I've been pondering over a way to solve this little problem every once in a
while. Because I don't want to leave the asian people out, I prefer to write
my Win32-based programs with unicode support, and I find the support for
Unicode in C++ poorer than it seems some people would like to think (e.g. no
Unicode filenames for fstream). I would love if the new things that Boost
adds do not remain blind to these things, especially considering how much it
seems to value genericity in other areas.

My favorite syntax, if possible, would be supporting lexical_cast<string>(x)
and lexical_cast<wstring>(x), both of which would convert to strings of the
respective types. This does not seem like an impossible task (given a a few
hours of spare time). One way would be with partial specialization; an
example follows (probably has a few syntax errors, can't check it at this
moment).

A problem with this approach is that it would make lexical_cast a little more
oriented toward usage with basic_string; on the other hand, even now the
documentation talks mostly about using this for basic_string.
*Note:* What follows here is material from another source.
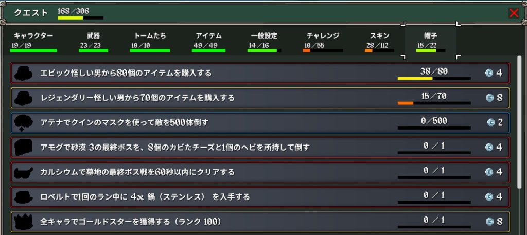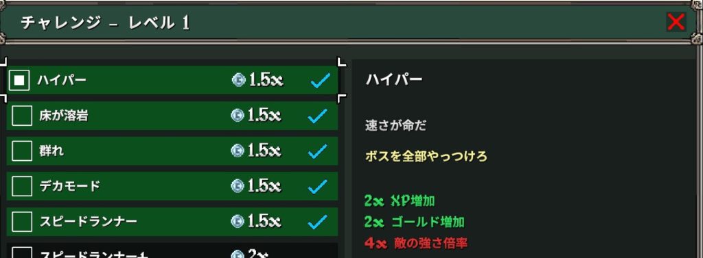 呪いを積むと事故死が多くて、ここ数日は経験/運/クオンティティ/カオスで難易度はギミックで積むプレイをしています。

I cannot think
of any way to, given an arbitrary String class, determine the type of the
character elements. This would be required if one wants to know what value
type to use for basic_stringstream. If I have to choose between fully
supporting basic_string (and not just one specialization of it), and
supporting any kind of string that uses char as its value type and has
operator<< / operator>> overloaded, I would choose the former. After all,
both unicode and 8-bit character applications etc are fully valid, whereas as
far as strings go we want people to use std::basic_string, right? :)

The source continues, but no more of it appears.